According to the briefing Third Platoon had received yesterday aboard the Nassau, this particular stretch Of Croatia, together with most of the former Bosnian territory inland, was now under the control of the Serbian Volunteer Guard — a local militia unit composed of pro-Serb Bosnians — and a Serbian motorized infantry brigade. The Serbs were trying yet again to seize Dubrovnik. When Yugoslavia had started breaking up in 1991, Croatia had grabbed all of the former Yugoslav naval bases save one, the Montenegran port at Kotor, sixty kilometers east of Dubrovnik. Now, the Serb-dominated Yugoslav Republic was trying to get some of those ports back, as well as to seize the initiative in the squabble with Croatia over the Bosnian corpse.
A rusted wire fence marked the official boundary between Croatia and Bosnia, but since the entire area was under Serbian control at the moment, the border was not patrolled. After a careful reconnaissance, searching for mines, patrols, or automated sensors, the SEALs crossed the wire into Bosnia halfway between the village of Mjini and Cilipi International, the shut-down airport twenty kilometers east of Dubrovnik.
There'd been a number of SEAL ops into the Balkans in recent months, all of them highly classified, with missions ranging from scouting out antiaircraft batteries to pulling full recons on stretches of the Adriatic coast that might become landing beaches if the decision was made to send in the Marines. Blue Squad's orders this night were to slip ashore unseen, rendezvous at the St. Anastasias Dominican monastery with a local contact in the pay of the CIA, and collect from him a list of Serbian units in the area and their deployments. The information might — might — be useful soon, in the event that the President decided to punish Serbian aggression by ordering air strikes.
A spook job, then. The SEALs and the Company had a long working partnership, one begun during World War II between the SEALs' forerunners in the old Underwater Demolition Teams and the CIA's predecessors with the OSS. Though he'd been on plenty of intelligence ops before — maybe because he'd been on plenty of them before — Murdock didn't like this sort of mission. For one thing, the civilian agency rarely had its priorities straight. Agency suits were as likely to request some routine bit of intel-gathering that could as easily have been handled by satellite as they were to load the team down with a dozen conflicting mission requirements, an often deadly misuse of assets. For another, Langley too often showed a nasty tendency to regard combat teams as expendable.

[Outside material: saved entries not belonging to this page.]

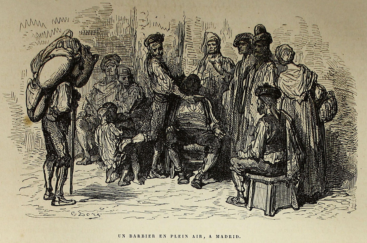 Иллюстрация к книге „The History of Tom Jones” 1895 г. „Tom Jones and the barber, Little Benjamin” „Том Джонс и цирюльник Маленький Бенджамин” Paul Gustave Louis Christophe Doré (1832-1883) Поль Гюстав Луи Кристоф Доре был французским художником, гравером, иллюстратором, художником комиксов, карикатуристом и скульптором. "Un barbier en plein air, a Madrid" 1874 г. „Парикмахерская на открытом воздухе в Мадриде” Неизвестный художник, гравюра опубликована в 1858 году в газете в Лондоне. „Barbershop at Manila, Philippines” „Парикмахерская в Маниле, Филиппины” С 2013 г. с кайфом бреюсь опасной бритвой пять раз в неделю, в три прохода.
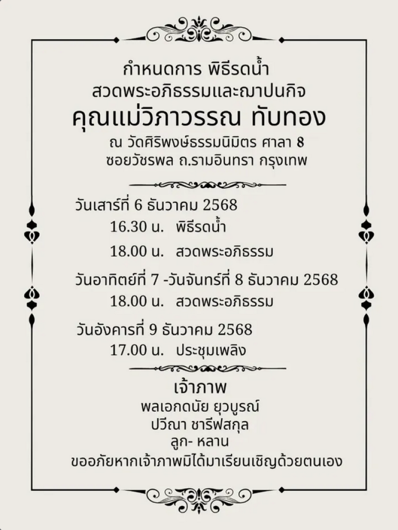 วันอาทิตย์ที่ 7-วันจันทร์ที่ 8 ธันวาคม 2568 18.00 น. สวดพระอภิธรรม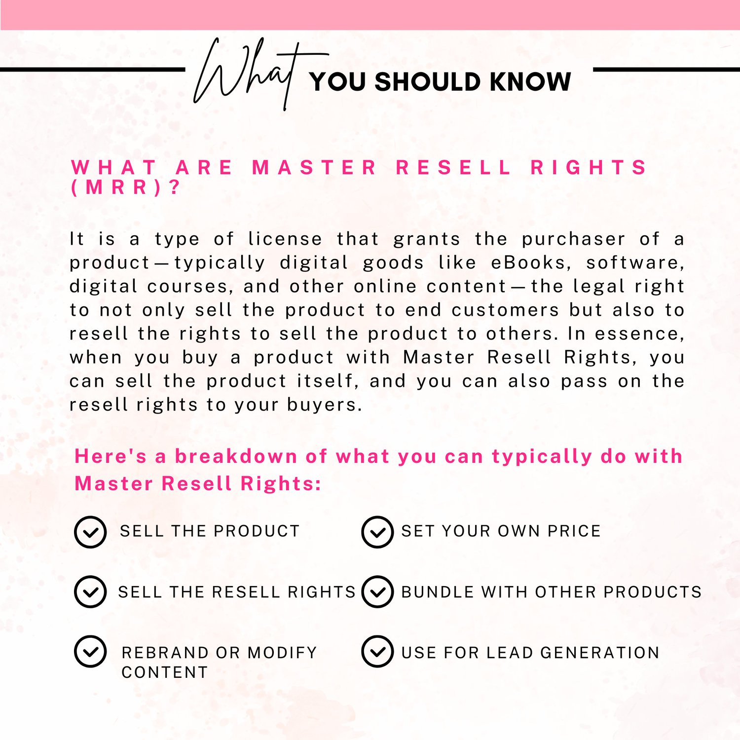 Here's a breakdown of what you can typically do with Master Resell Rights: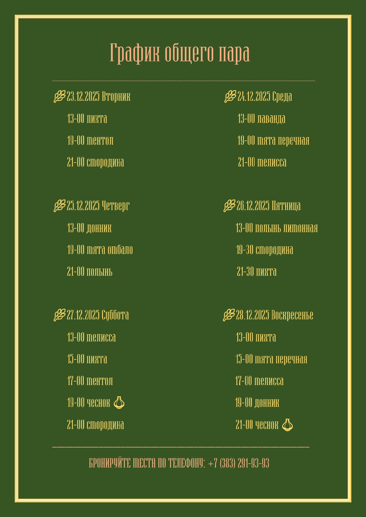 График общего пара c 23 декабря по 28 декабря 2025 г.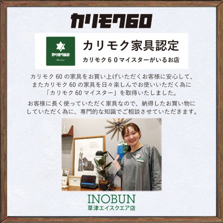 滋賀県でカリモク60のお取り扱いはイノブン草津エイスクエア店だけです。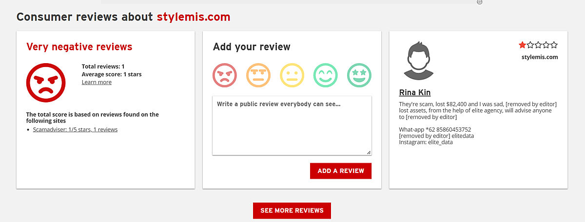 вот проверила сайт на scamadviser, рейтинг 1 из 100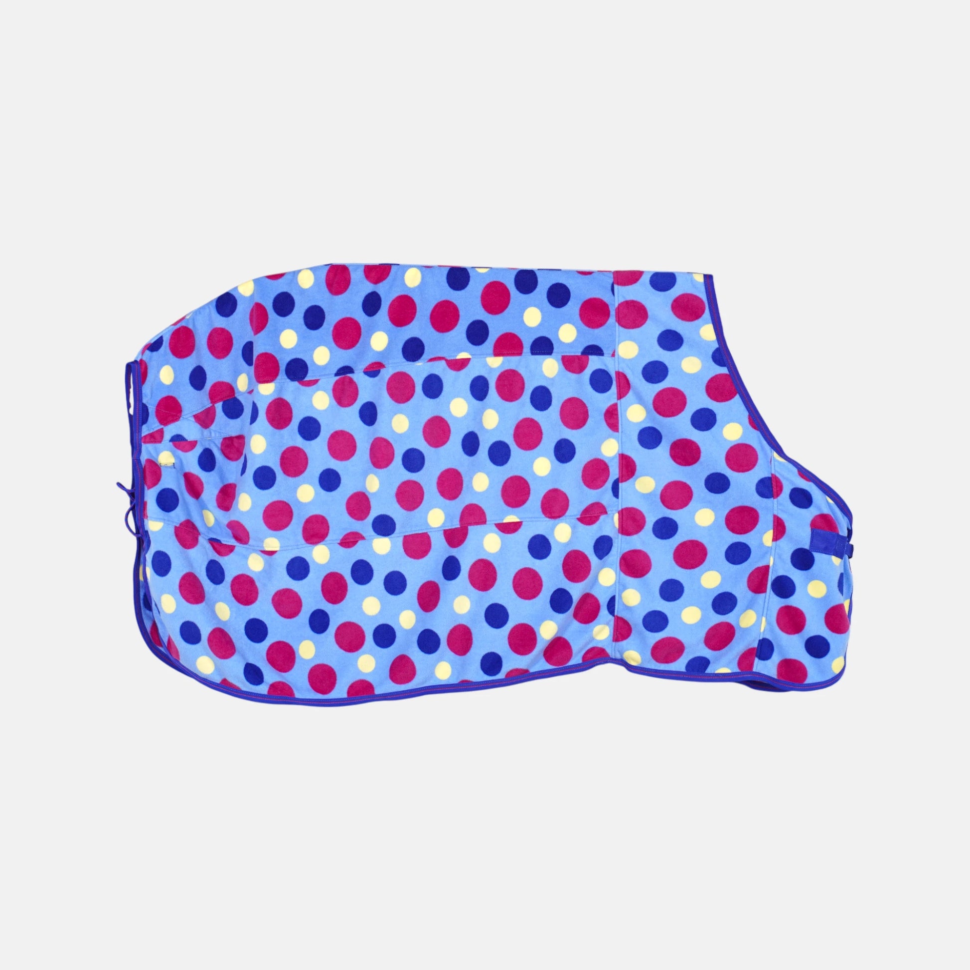 Blått fleecetäcke med prickar i glada färger för den mindre kompisen från WeatherBeeta. Fleecetäcket är i ett mycket bra skick men har ett par hårstrån kvar efter tvätt.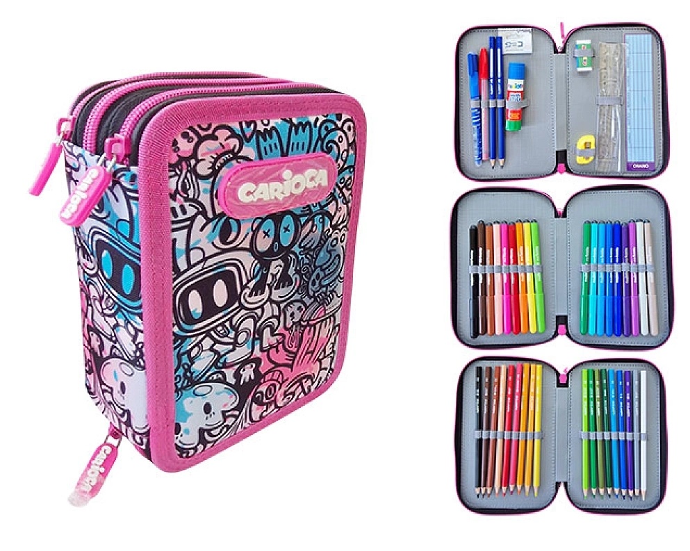 Школьный пенал Carioca Comics Pink с аксессуарами, тканевый (56868)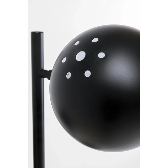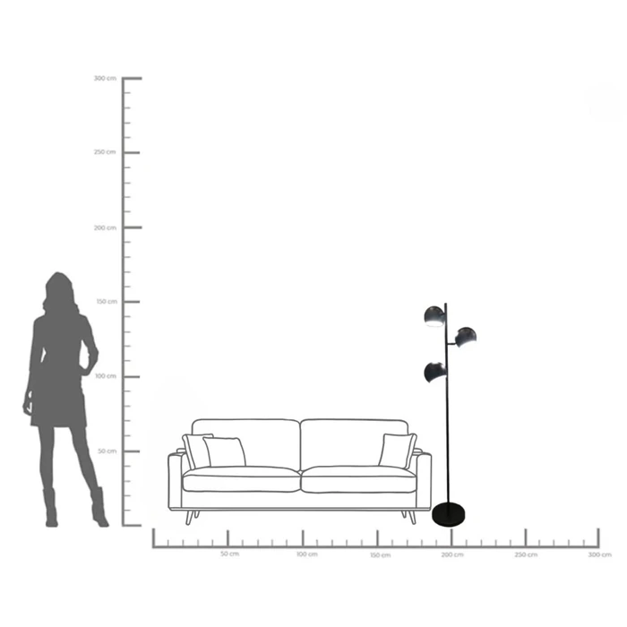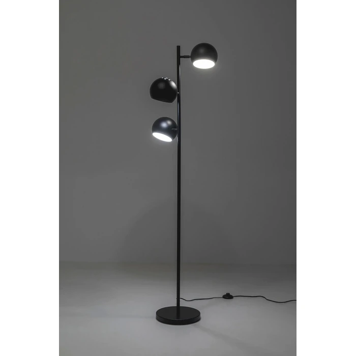Golvlampa Trio ger ett modernt uttryck med tre halvklotformade skärmar som kan vinklas för att styra ljuset. Den kompakta foten gör den lätt att placera intill soffa eller fåtölj, medan den mattsvarta ytan smälter in i många stilar. Finns även i krom med 3 eller 5 lampskärmar.

Murdock did not regard his men as expendable. He'd argued hard against this mission when Captain Coburn, SEAL Seven's skipper, had asked him to take it on. In the end, he'd accepted it, though. While SEAL commanders were notorious throughout the Navy for their willingness to argue orders that they considered impossible or suicidal, mission refusals nonetheless didn't look good on a Team's quarterly reports. It could mean cuts in the NAVSPECWAR budget, and with the fierce competition for money in a fast-shrinking military, that could mean the end of careers, even the end of the Teams.
Beyond the wire border was a pine forest and the start of a steep climb up the southern flank of Gora Orjen, the forest-covered line of mountains that walled the coastal strip off from the interior highlands between Dubrovnik and Kotor. As Murdock started to climb, he wondered if survival of the SEALs had really come down to nothing more than this, the willingness of low-man-on-the-totem-pole officers like himself to accept dubious missions.
Well, at least his was not one of those Agency Rambo ops piggybacking everything onto the field team from beach reconnaissance to a hostage rescue. Blue Squad had a single objective this time, a single mission to carry out. According to Frank Fletcher, the Agency's combat team handler aboard the Nassau, it was a quick-in, quick-out piece of cake. Murdock would have felt more confident of that assessment had he not known that a hell of a lot of similar ops had gone badly wrong in the past. "A piece of cake," in Company parlance, all too often was rock-hard, fire-hot, and frosted with blood.